COVID-19感染流行期における呼吸器外科手術の術前肺機能(スパイロトリー)検査に関する提言
2020年4月23日
特定非営利活動法人日本呼吸器外科学会 理事会
COVID-19感染に伴い、不要不急あるいはCOVID-19感染者の肺機能検査を行わないことが日本呼吸器学会より提言されております。
(https://www.jrs.or.jp/uploads/uploads/files/information/20200327_statement.pdf)
すでに、各施設の判断で一般外科手術前のルーチン肺機能検査を含む不要不急の肺機能検査は行われなくなっている状況と推察致します。

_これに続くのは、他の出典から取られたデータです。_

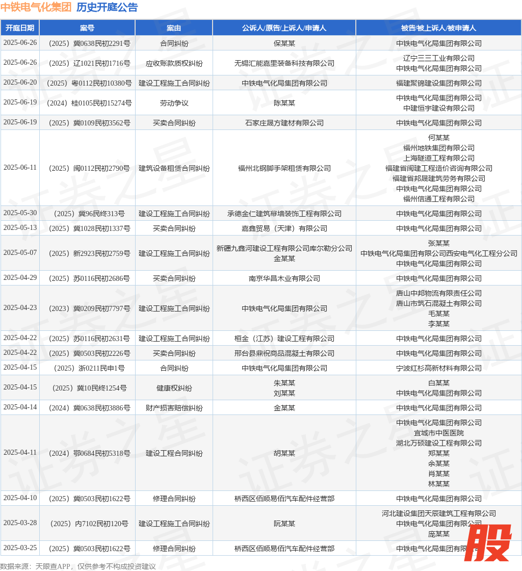 本站消息鼎和网鼎和网,根据天眼查APP显示,近日公布了一则中铁电气化局集团有限公司作为原告/上诉人的开庭公告,详细内容如下: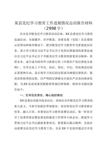 【七哥公文】2024年:某县党纪学习教育工作进展情况总结报告材料2998字+更多免费公文+VX:QiGeGongWen2024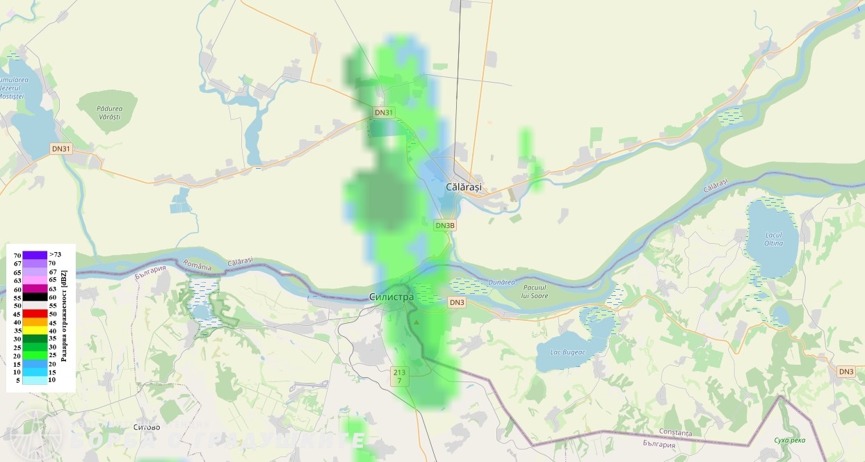 Гръмотевична буря с краткотрайни валежи се е разразила в момента над Силистра и Кълъраш.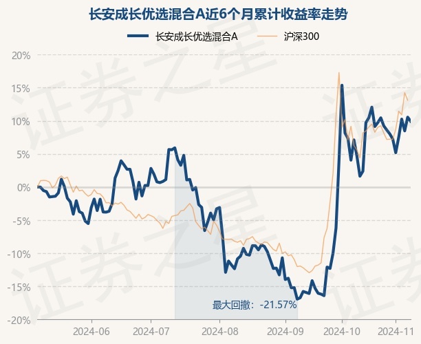 证券之星消息,11月8日,长安成长优选混合A最新单位净值为0.5672元,累计净值为0.5672元,较前一交易日下跌0.56%。历史数据显示该基金近1个月下跌4.72%,近3个月上涨25.4%,近6个月上涨9.92%,近1年上涨11.06%。该基金近6个月的累计收益率走势如下图: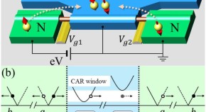 • Spin correlation experiments are demonstrated in an electron entangler device based on the ‘splitting’ of Cooper pairs from a superconductor, which can potentially be used to investigate many fundamental phases and processes related to the electron spin.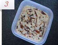 2.颗粒辣椒碎(你也可以直接选择辣椒面,那样更细腻些)、白芝麻、五香粉混合后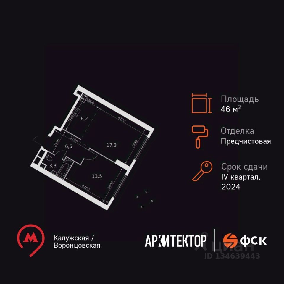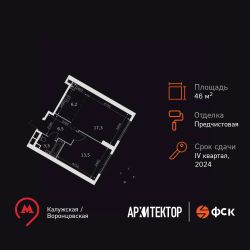 Продаётся 2-к квартира номер 422 общей площадью 46.8 кв.м. на 43-м этаже 46 этажного здания. Отделка Whitebox. Цена с учётом скидки.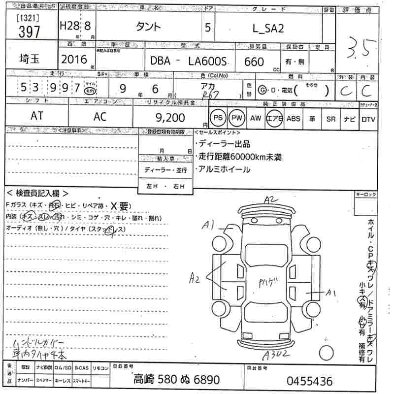 DAIHATSU TANTO 2016 г., лот № 397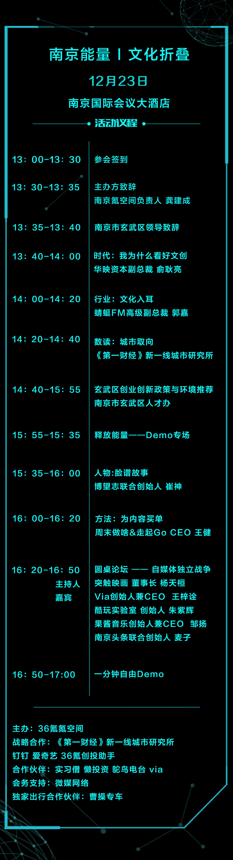 12月23日,氪空间开放日之南京能量,当古老的“金陵”遇上文化创业,让十位行业大咖从三大业务版块带你在文化折叠时代的媒体战争中步步为营。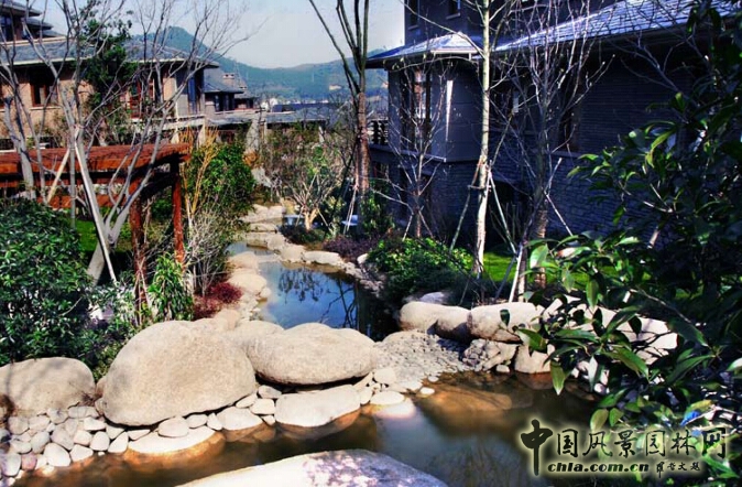 杭州的山湖印別墅,也是借著原有的山溪地勢做出的地形,雖然這個地形做起來比較辛苦,但最后的效果還是非常好的。

また、それに伴い各呼吸器外科診療科においても、肺切除量が少ない、CTで肺野に基礎疾患を認めないなどの症例で、肺機能検査を縮小することが検討されていることと存じます。
一方、呼吸器外科手術においては、分離肺換気を多用する事、肺機能の損失が術後の合併症やQOLに直結する事、手術適応や術式決定に呼吸機能の把握が必須である事など、術前肺機能検査の意義は他領域の手術に比べ格段に高いと言えます。
日本呼吸器外科学会としては、呼吸器外科領域の術前肺機能検査に関して以下のように提言いたします。
1 呼吸器外科手術の術前には肺機能検査を実施しておく事が望ましい。
2 以下の3つの条件を満たす場合、術前の呼吸機能検査を省略できる可能性がある。
臨床所見:日常的に運動制限がなく、激しい運動をした時だけ息切れがある(mRMC0相当)。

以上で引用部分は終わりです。